* **Information given**
+++

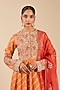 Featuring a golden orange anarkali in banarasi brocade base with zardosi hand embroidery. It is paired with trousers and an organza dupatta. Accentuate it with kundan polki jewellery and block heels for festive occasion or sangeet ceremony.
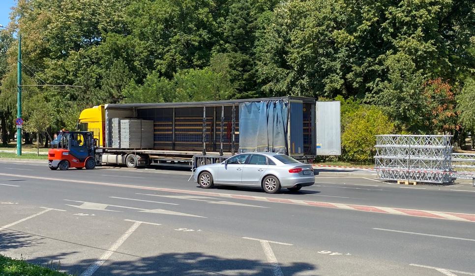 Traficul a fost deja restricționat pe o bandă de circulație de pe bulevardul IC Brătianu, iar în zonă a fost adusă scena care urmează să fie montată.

+++

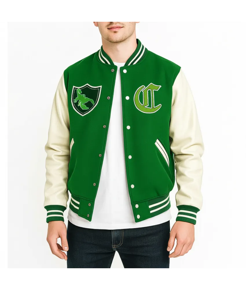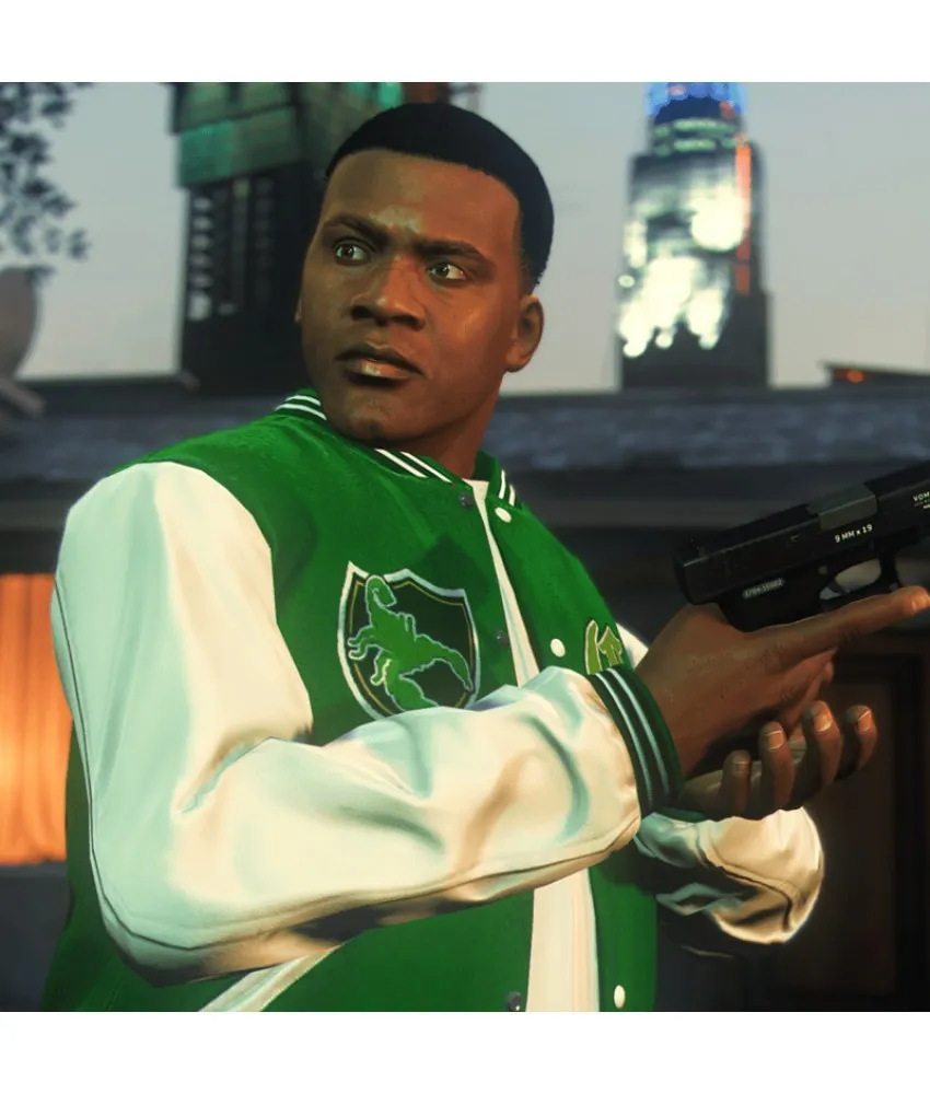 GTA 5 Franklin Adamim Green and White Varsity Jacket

+++

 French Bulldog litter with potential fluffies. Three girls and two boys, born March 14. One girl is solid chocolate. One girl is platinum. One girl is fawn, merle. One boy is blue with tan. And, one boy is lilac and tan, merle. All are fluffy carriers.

+++

* **Problem to solve**
Please repeat the lines of the material above exactly, starting with the line that contains "Featuring a golden" and ending with the line that contains "Traficul a fost". Leave the pictures out.

* **Task response**
 Featuring a golden orange anarkali in banarasi brocade base with zardosi hand embroidery. It is paired with trousers and an organza dupatta. Accentuate it with kundan polki jewellery and block heels for festive occasion or sangeet ceremony.
 Traficul a fost deja restricționat pe o bandă de circulație de pe bulevardul IC Brătianu, iar în zonă a fost adusă scena care urmează să fie montată.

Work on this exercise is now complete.